* _ACTION ITEM_
Restate word for word only the lines running from the one with "Strenču Mūzikas skolas absolventi" to the end of the data, both ends included. Omit any pictures.

═══ MATERIAL FOR THIS TASK

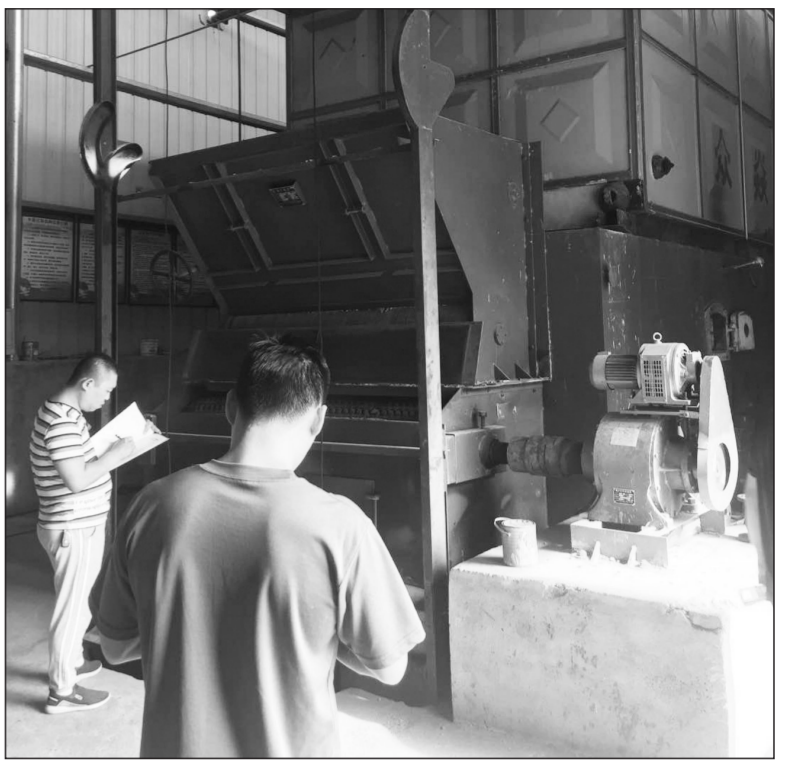
江西省新余市近日开展燃煤锅炉验收及“回头看”专项整治工作,对去年淘汰改造的153台10蒸吨以下燃煤锅炉进行了复核,并启动建成区35蒸吨以下燃煤锅炉整治工作,确保全部淘汰改造到位。

放工作进行部署。二是开展丰富多彩的活动。省环保厅联合省委宣传部、省文明办、省直机关工委、团省委,开展“践行生态文明做绿色低碳生活的传播者”实践活动,并制作微视频进行参展比赛;开展第二届全省百所高校青年志愿者环保宣传实践活动;继续开展第七批省级“绿色学校”创建活动;开展中国少年儿童主题教育示范课江西8所学校专题讲座活动。三是制作生态文化宣传产品。拍摄微视频《鄱阳湖畔候鸟守护者》——讲述普通人的环保故事;《烈日下的拼搏——讲述环保人的故事》;拍摄环保公益广告片在江西卫视播出;制作《公民环保设施行为准则》公益广告在江西广播电视台播出。
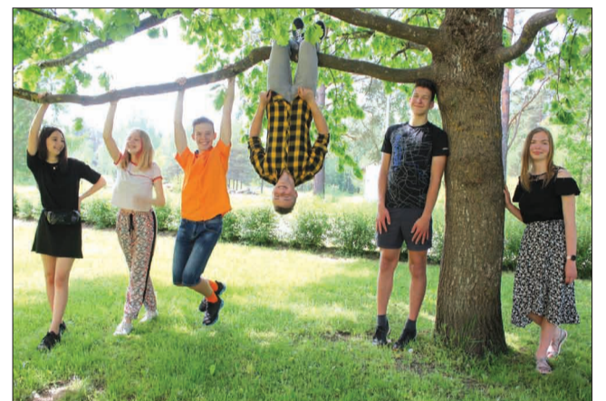
Strenču Mūzikas skolas absolventi
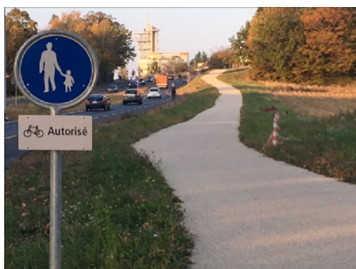
Chemin piéton autorisé aux cyclistes sur le campus de l'EPLF/Unil

Des surfaces partagées entre piéton-ne-s et cyclistes sont sujet à débat, puisqu'elles peuvent reporter le danger sur les piéton-ne-s, en particulier les plus fragiles (aînés, enfants, personnes à mobilité réduite). Afin d'assurer la meilleure cohabitation possible, la largeur du trottoir doit être considérée en fonction du contexte (flux, pente, décrochements, etc.). Des mesures de sensibilisation peuvent inciter au respect mutuel. La réinsertion des cyclistes sur la chaussée doit être aménagée finement (limiter les ralentissements liés à la perte de priorité du cycliste, visibilité entre usagers et usagères de la route). Enfin, une rue en pente constitue un contexte délicat pour la mise en place d'un trottoir partagé en raison d'un différentiel de vitesse élevé avec les piéton-ne-s (tous types de vélos à la descente et vélos à assistance électrique à la montée).
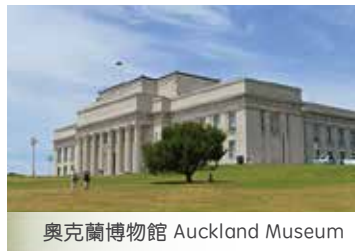
奧克蘭博物館 Auckland Museum
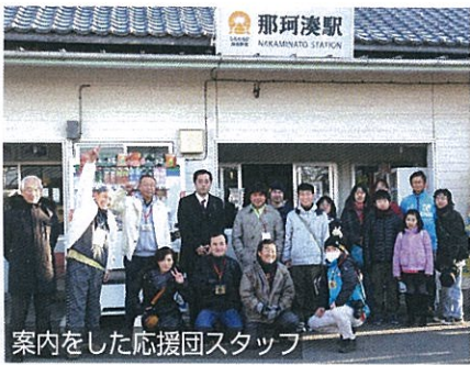
案内をした応援団スタッフ

今年は天気予報通りの素晴らしい初日の出となり、乗客の方からは「こんなきれいな初日が見られて今年一年良いことがありそう」という声が聞かれました。お客様には、ほしいもやホテルニュー白亜紀の無料入浴券、カレンダーなどが入った「福袋」が先着300名にプレゼントされました。また、各神社や同ホテルでも温かいおもてなしをいただきました。関係企業団体の皆様の絶大なご協力ありがとうございました。

══════

* _RESULT OF THE EXERCISE_
Strenču Mūzikas skolas absolventi
Chemin piéton autorisé aux cyclistes sur le campus de l'EPLF/Unil

Des surfaces partagées entre piéton-ne-s et cyclistes sont sujet à débat, puisqu'elles peuvent reporter le danger sur les piéton-ne-s, en particulier les plus fragiles (aînés, enfants, personnes à mobilité réduite). Afin d'assurer la meilleure cohabitation possible, la largeur du trottoir doit être considérée en fonction du contexte (flux, pente, décrochements, etc.). Des mesures de sensibilisation peuvent inciter au respect mutuel. La réinsertion des cyclistes sur la chaussée doit être aménagée finement (limiter les ralentissements liés à la perte de priorité du cycliste, visibilité entre usagers et usagères de la route). Enfin, une rue en pente constitue un contexte délicat pour la mise en place d'un trottoir partagé en raison d'un différentiel de vitesse élevé avec les piéton-ne-s (tous types de vélos à la descente et vélos à assistance électrique à la montée).
奧克蘭博物館 Auckland Museum
案内をした応援団スタッフ

今年は天気予報通りの素晴らしい初日の出となり、乗客の方からは「こんなきれいな初日が見られて今年一年良いことがありそう」という声が聞かれました。お客様には、ほしいもやホテルニュー白亜紀の無料入浴券、カレンダーなどが入った「福袋」が先着300名にプレゼントされました。また、各神社や同ホテルでも温かいおもてなしをいただきました。関係企業団体の皆様の絶大なご協力ありがとうございました。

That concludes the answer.